ChoreoMuse: Robust Music-to-Dance Video Generation with Style Transfer and Beat-Adherent Motion
Xuanchen Wang, Heng Wang, Weidong Cai

TL;DR
ChoreoMuse is a diffusion-based framework that generates high-quality, style-controllable dance videos aligned with music beats and individual dancer characteristics, overcoming resolution constraints and supporting diverse musical genres.
Contribution
We introduce ChoreoMuse, a novel music-to-dance video generation method utilizing SMPL parameters and a new music encoder, achieving state-of-the-art results in style adherence and video quality.
Findings
Achieves high fidelity and beat alignment in generated dance videos.
Supports style control and diverse musical genres.

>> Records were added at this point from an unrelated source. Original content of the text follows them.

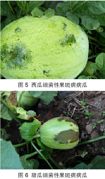 初在果实上部表面出现数个几毫米大小的灰绿色至暗绿色水渍状斑点,后迅速扩大成大型不规则的水渍状斑(图5、图6),发病部位逐渐变褐或龟裂,致果实腐烂,并分泌出黏质琥珀色物质,该病多发生在果实向阳面。病瓜周围病叶上现褐色小斑,病斑常在叶脉边缘,有时被一个黄色组织带包围,病斑周围呈水渍状是该病区别于其他细菌病害的重要特征。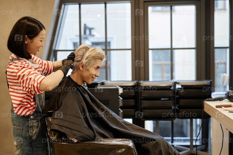 Улыбающийся молодой азиатский мужчина в салоне красоты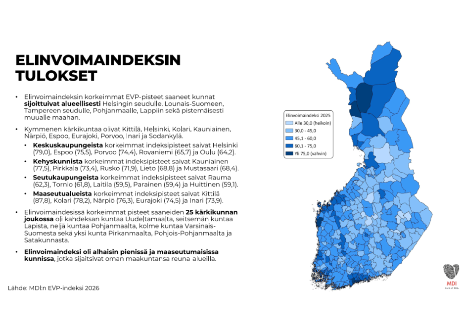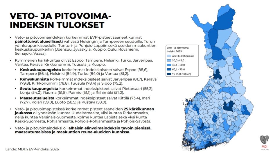 Vuonna 2023 ensimmäisen kerran julkaistu Elinvoima, vetovoima ja pitovoima -indeksi on jälleen päivitetty.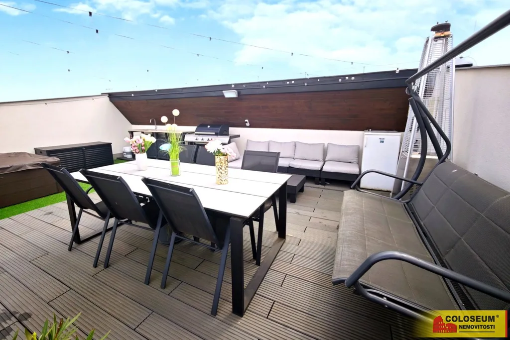 Součástí nemovitosti je terasa ideální pro relaxaci či posezení s rodinou a přáteli, dále sklep poskytující praktické úložné prostory. Parkování je zajištěno přímo u domu se dvěma parkovacími místy.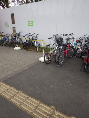 駐輪禁止であることを知らせるテープを張る支柱は,10月26日から変わらず,壁から自転車1台分の位置に置かれていた。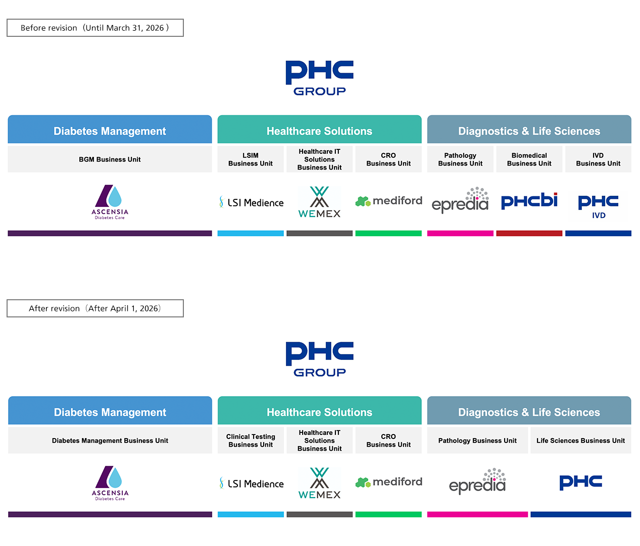 The purpose of this update is to make our business activities easier to understand by using clearer names that describe what each unit does. The brand names of the relevant businesses (Ascensia and LSI Medience) will not change.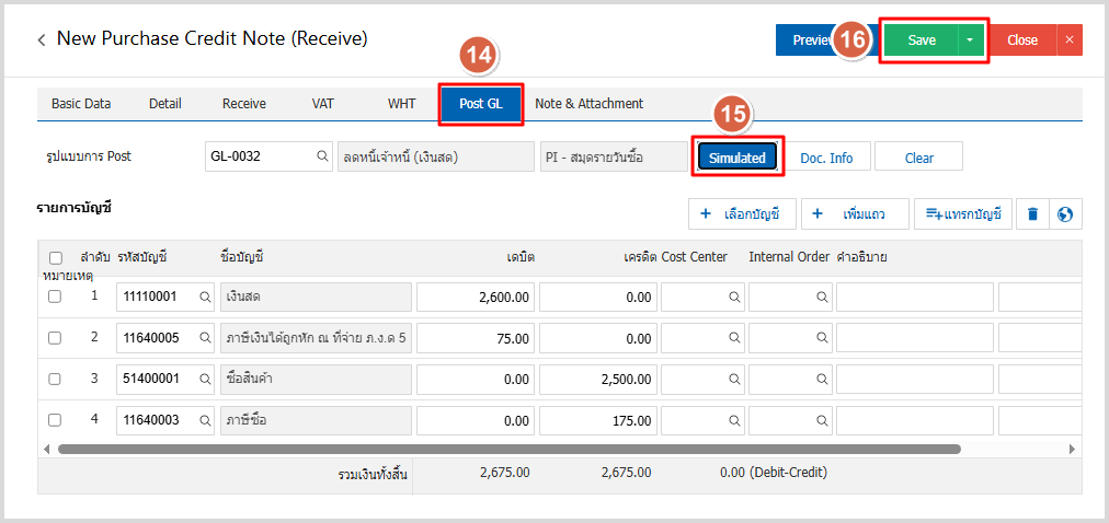 9.ใน Tab Post GL คือการบันทึกผ่านรายการ (Posting) ไปยังบัญชีแยกประเภท (General Ledger) ผู้ใช้ สามารถ Post GL โดยกดปุ่ม Simulated หลังจากผู้ใช้ตรวจสอบข้อมูลครบถ้วนแล้ว ให้กดปุ่ม Save ทางด้านขวาบนของหน้าจอโปรแกรม เพื่อเป็นการบันทึกข้อมูลเอกสารลดหนี้เจ้าหนี้ (เงินสด)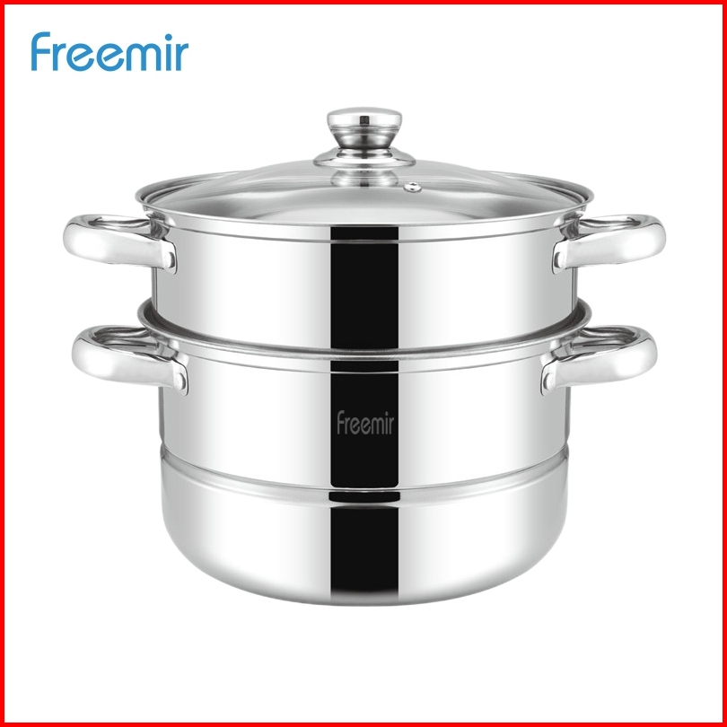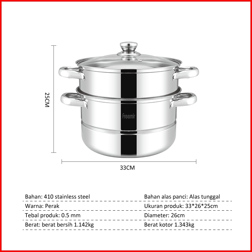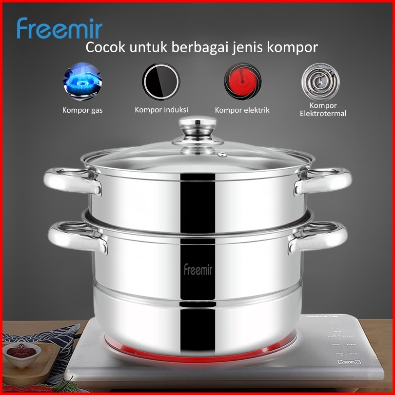 Freemir Kukus Dan Wajan Panci Rebus Panci Steamer 2 Tingkat Pengukus Alat Kukus 2 Layer Panci Kukusan Stainless Steel Tu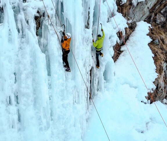 Aber Schritt für Schritt und Schlag für Schlag arbeiteten wir uns an der Eiswand nach oben. Es gab schwerere und leichtere Routen. Bereits bei zweitem Anlauf schafften wir es, die Wand bis nach oben zu klettern und wurden anschließend wieder angeseilt. Puh, war das anstrengend. Aber es machte wahnsinnig viel Spaß. Unsere kleine Gruppe feuerte sich gegenseitig an, Beat gab uns wertvolle Technik-Tipps und wir wechselten uns beim Sichern und Klettern immer wieder ab.

Outperforms existing methods in quality and stylistic accuracy.
Abstract
Modern artistic productions increasingly demand automated choreography generation that adapts to diverse musical styles and individual dancer characteristics. Existing approaches often fail to produce high-quality dance videos that harmonize with both musical rhythm and user-defined choreography styles, limiting their applicability in real-world creative contexts. To address this gap, we introduce ChoreoMuse, a diffusion-based framework that uses SMPL format parameters and their variation version as intermediaries between music and video generation, thereby overcoming the usual constraints imposed by video resolution. Critically, ChoreoMuse supports style-controllable, high-fidelity dance video generation across diverse musical genres and individual dancer characteristics, including the flexibility to handle any reference individual at any resolution. Our method employs a novel music…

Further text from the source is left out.